╔══

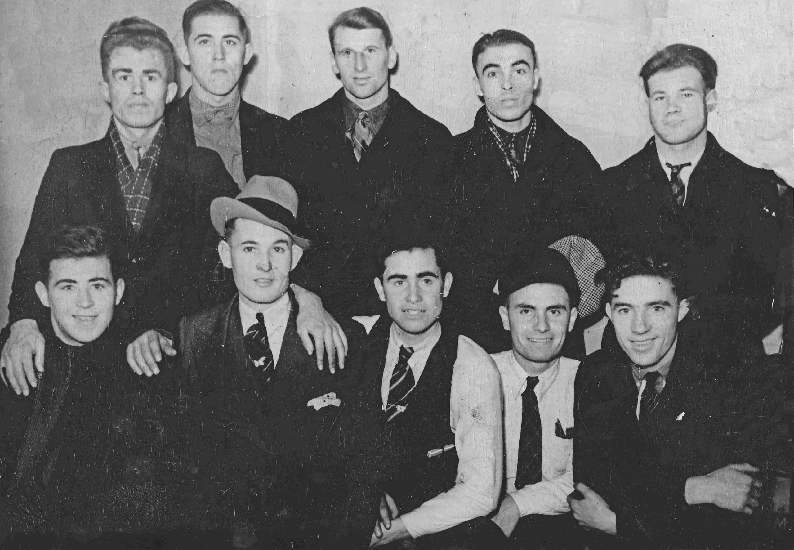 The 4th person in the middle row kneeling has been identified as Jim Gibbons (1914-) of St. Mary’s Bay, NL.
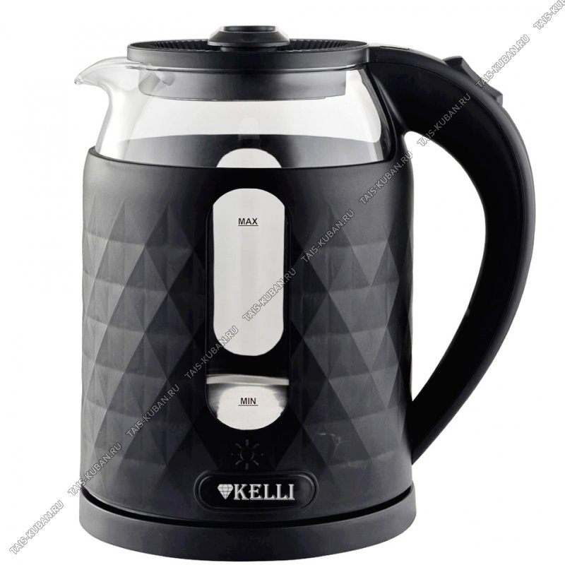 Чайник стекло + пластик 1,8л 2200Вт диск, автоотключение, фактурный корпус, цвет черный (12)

╚══
╔══

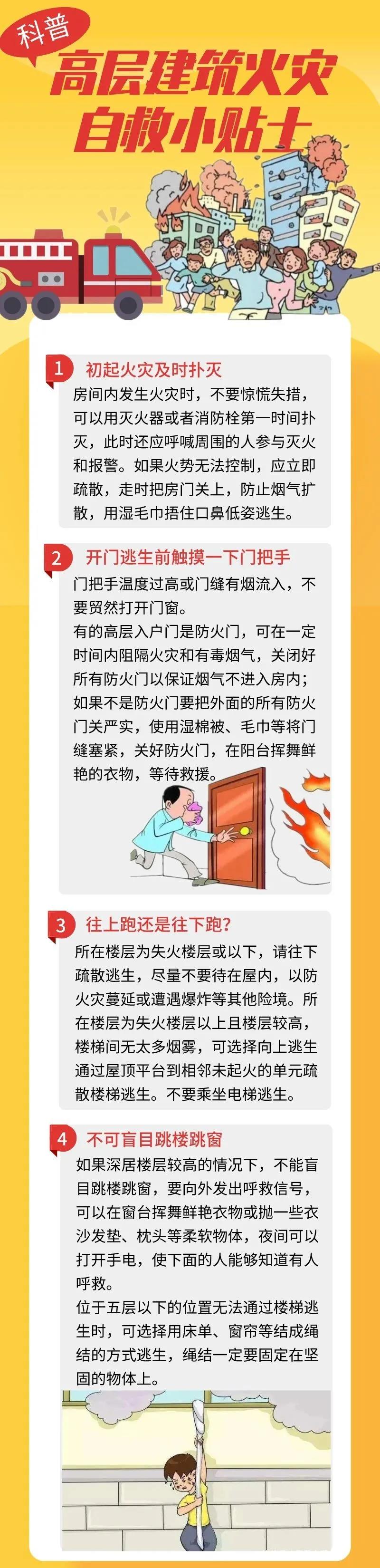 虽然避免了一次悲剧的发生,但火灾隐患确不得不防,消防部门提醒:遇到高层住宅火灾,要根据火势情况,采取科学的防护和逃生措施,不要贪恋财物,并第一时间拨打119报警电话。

╚══
╔══

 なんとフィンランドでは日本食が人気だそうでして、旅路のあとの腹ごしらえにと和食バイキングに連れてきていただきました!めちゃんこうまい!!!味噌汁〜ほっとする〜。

╚══

**WHAT YOU SHOULD DO**
From the records above, copy exactly the lines starting at the one with "The 4th person" and ending at the one with "Чайник стекло +", and no others. Pictures stay out.

**TASK ANSWER**
 The 4th person in the middle row kneeling has been identified as Jim Gibbons (1914-) of St. Mary’s Bay, NL.
 Чайник стекло + пластик 1,8л 2200Вт диск, автоотключение, фактурный корпус, цвет черный (12)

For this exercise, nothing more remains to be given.